O assunto foi debatido na comissão nesta quarta (16) e contou com a presença de representantes do Ministério Público, do governo, do Conselho Administrativo de Defesa Econômica (Cade), de taxistas e do aplicativo Uber.

Pela manhã, a audiência pública foi tumultuada, marcada por protesto dos taxistas. O deputado Nelson Marchezan Junior (PSDB-RS) chegou a sair escoltado da comissão pela Polícia Legislativa da Câmara, por defender o uso do aplicativo.

Críticas

À tarde, o deputado Vinícius Carvalho (PRB-SP), que presidiu a audiência, destacou que o serviço prestado pela empresa norte-americana não possui normatização legal e, por isso, a comissão deve tomar providências junto ao Ministério Público Federal. "O próprio deputado Celso Russomano motivou essa comissão a intervir junto ao Ministério Público Federal para que proíba o funcionamento do UBER em todo o território nacional".
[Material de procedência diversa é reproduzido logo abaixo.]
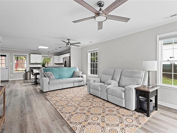 5 bedrooms, 4 baths built in 2024, this beautiful home offers approximately 2,220 sq. ft. of thoughtfully designed living space, conveniently located within minutes of restaurants, shopping and entertainment. Step inside to an open, light-filled floor plan featuring a stylish kitchen w white cabinetry, black granite counters, tile backsplash, a large island w bar seating, spacious pantry—plus a reverse osmosis water filtration system. The adjoining living/dining areas flow seamlessly together. Durable LVT flooring throughout the main level. Bedroom and full bath also on the main level, perfect for guests or home office. Primary suite upstairs w two closets and a private bath w double sinks, a tub/shower combo and linen closet. Two bedrooms share a Jack-and-Jill bath, fourth bedroom w its own private bath. Upstairs laundry room, ceiling fans, pull-down attic, and carpeted bedrooms for comfort. Outside, enjoy a covered back porch, privacy fence, RV pad, and attached two-car garage.
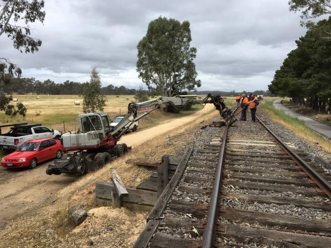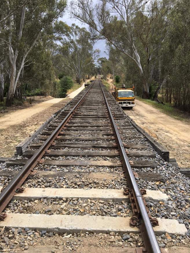 It’s been a few days worth of work, but today saw that culminate in a very straight and very level track over the notoriously wiggly Muckleford Creek Bridge.
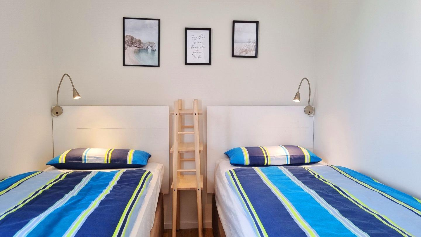 Die Ferienwohnung verfügt über zwei Schlafzimmer mit modernen Boxspringbetten, ein größeres mit Doppelbett (180x200) und LED-Fernseher und ein kleineres mit zwei Einzelbetten (90x200).
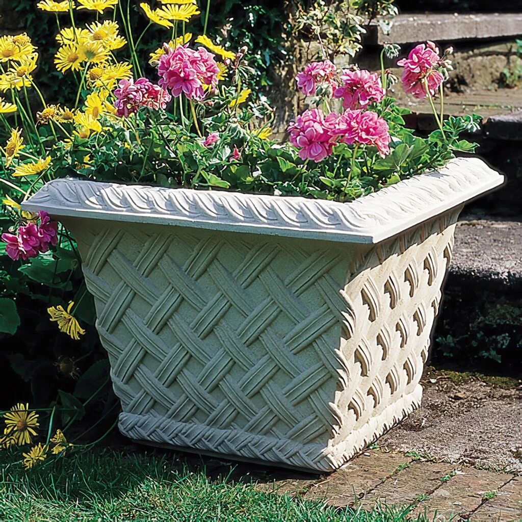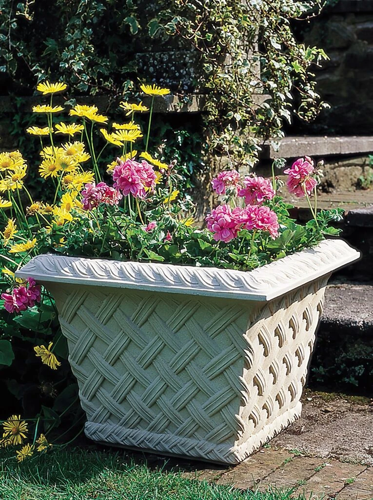 Wir bieten hier ein elegantes Pflanzgefäß aus echtem englischem Steinguss, rechteckig, mit einem edlen Flechtkorb-Design. Das Material, ein Kunststein, eignet sich hervorragend für die ganzjährige Gartendekoration, die Amphore ist absolut frostsicher und witterungsbeständig. Der edle Blumentopf kann einfach bepflanzt werden, womit sich tolle Effekte bei der Gartengestaltung erzielen lassen. Aber auch einzeln stehend ist dieses Gartengefäß im elisabethanischen Stil ein wertvolles Schmuckstück. Ein tolles Accessoire für alle Fans der beliebten englischen Gartenkunst.

Para o deputado Celso Russomano (PRB-SP), a empresa Uber opera de modo irregular segundo as leis tributárias brasileiras, já que não oferece opções de pagamento além do cartão de crédito, nem entrega nota fiscal ao consumidor.

O Presidente da Associação Brasileira das Associações e Cooperativas de Motoristas de Taxi (ABRACOMTAXI), Edmilson Americano, declarou que a empresa tem de ser banida do Brasil, pois a lei de mobilidade urbana (Lei 12.587/12) garante o direito dos taxistas. "A lei da mobilidade urbana também fala claramente, nas definições de serviço, que transporte de passageiro remunerado é feito por táxi, e da mesma forma prevê a lei que regulamenta a profissão de taxista [Lei 12.468/11]".

Regulamentação

Já o coordenador do Grupo de Trabalho de Tecnologias da Informação e da Comunicação do MPF, Carlos Bruno da Silva, destacou vantagens do serviço de táxi, como a qualidade, a segurança e o preço assegurados pelo Poder Público. Entretanto, Silva ponderou que o art. 170 da Constituição Federal, parágrafo único, garante o livre exercício de qualquer atividade econômica, independentemente de autorização de órgãos públicos, salvo nos casos previstos em lei.

Ele complementou dizendo que os serviços oferecidos pela empresa norte-americana Uber, ou similares, são passíveis de regulamentação. "O que o Ministério Público entende é que pode haver uma regulamentação que não canibalize o serviço de táxi. Uma regulamentação que favoreça o transporte coletivo de passageiros, sem desvalorizar o transporte público individual de passageiro, que é o táxi".

O Uber é uma empresa multinacional, sediada nos Estados Unidos, e usa como plataforma um aplicativo de celular para conectar passageiros e motoristas particulares pré-cadastrados. O Uber já é utilizado em 55 países, mas tem causado polêmica ao redor do mundo, inclusive no Brasil, isso porque os taxistas, legalmente autorizados pelo Poder Público, entendem que o serviço é irregular e que faz concorrência desleal com a categoria.